Having reduced the number of tables from 3 in Pratt's paper to 2, the next step might be to have one table and only one kind of command. I.e. ensure that every concrete command has all 4 methods (LeD, LBP, NBP, and Nud). I didn't do this, because we might want to vary the tables independently. Consider adding function application syntax x(y) to the language. What does this have to do with parenthesization? Nothing really. Yet if I only had one command class for "(", it would have responsibilities for both parenthesization and function application. The treatment of a token when it's used as an N token and when it's used as an L token are two different responsibilities and shouldn't be in the same class.

Another approach is to do away with the tables and use objects as tokens that have the LeD, LBP, NBP, and NuD methods built into them. The comments of the previous paragraph apply.

As mentioned above, the NBP method is my own addition. It's used for making binary operators --and the like-- nonassociative. If you don't have need of it, don't implement it and change the E procedure to

E(p) is  
    var token := next
    consume
    var t := nullComm[token].NuD( token )
    loop
        token := next
        const c := leftComm[token]
        exit unless p ≤ c.LBP
        consume
        t := c.LeD( t, token )
    return t

 

References

[0] Eli Bendersky, "Top-Down operator precedence parsing", January 2010, http://eli.thegreenplace.net/2010/01/02/top-down-operator-precedence-parsing

[1] Andy Chu, "Pratt Parsing and Precedence Climbing Are the Same Algorithm", Nov 2016. http://www.oilshell.org/blog/2016/11/01.html

[2] Andy Chu, "Review of Pratt/TDOP Parsing Tutorials", Nov 2016. http://www.oilshell.org/blog/2016/11/02.html

[3] Andy Chu, "Pratt Parsing Without Prototypal Inheritance, Global Variables, Virtual Dispatch, or Java". "http://www.oilshell.org/blog/2016/11/03.html"

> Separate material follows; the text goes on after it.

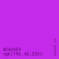 Цвет #C42AE9 в цветовой модели RGB обозначается тремя октетами (196, 42, 233) в десятичном формате и #C42AE9 в шестнадцатиричном (hex) формате, которые являются интенсивностью красного 196 (hex C4), интенсивность зелёного 42 (hex 2A) и интенсивность синего 233 (hex E9).
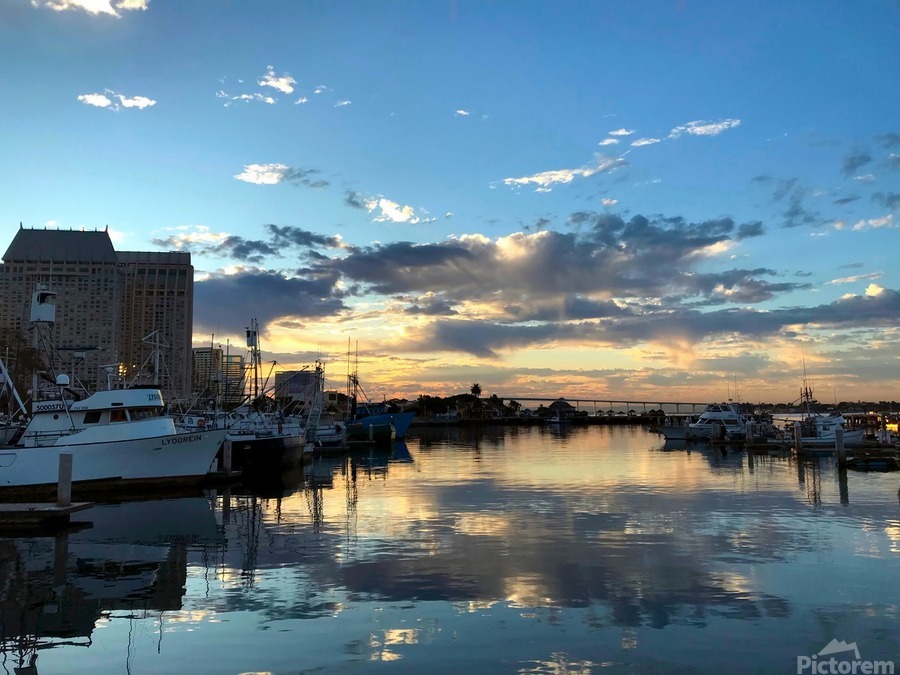 Part of the Serenely San Diego collection, this picture was taken in the harbor close to downtown San Diego where I had attended a conference. The calm seascape will take your breath away.

[4] Keith Clarke, "The top-down parsing of expressions", Research Report 383, Dept of Computer Science, Queen Mary College. Archived at http://antlr.org/papers/Clarke-expr-parsing-1986.pdf.

[5] Theodore S. Norvell, "Parsing Expressions by Recursive Descent", 1999 (revised 2013), http://www.engr.mun.ca/~theo/Misc/exp_parsing.htm

[6] Vaughn R. Pratt, "Top down operator precedence", Proceedings of the 1st symposium on principles of programming languages (POPL), 1973, http://dl.acm.org/citation.cfm?id=512931

[7] Martin Richards and Collin Whitby-Stevens, BCPL -- the language and its compiler, Cambridge University Press, 1979.

Acknowledgement

Thanks to Andy Chu for pointing out the connection between precedence climbing and Pratt parsing.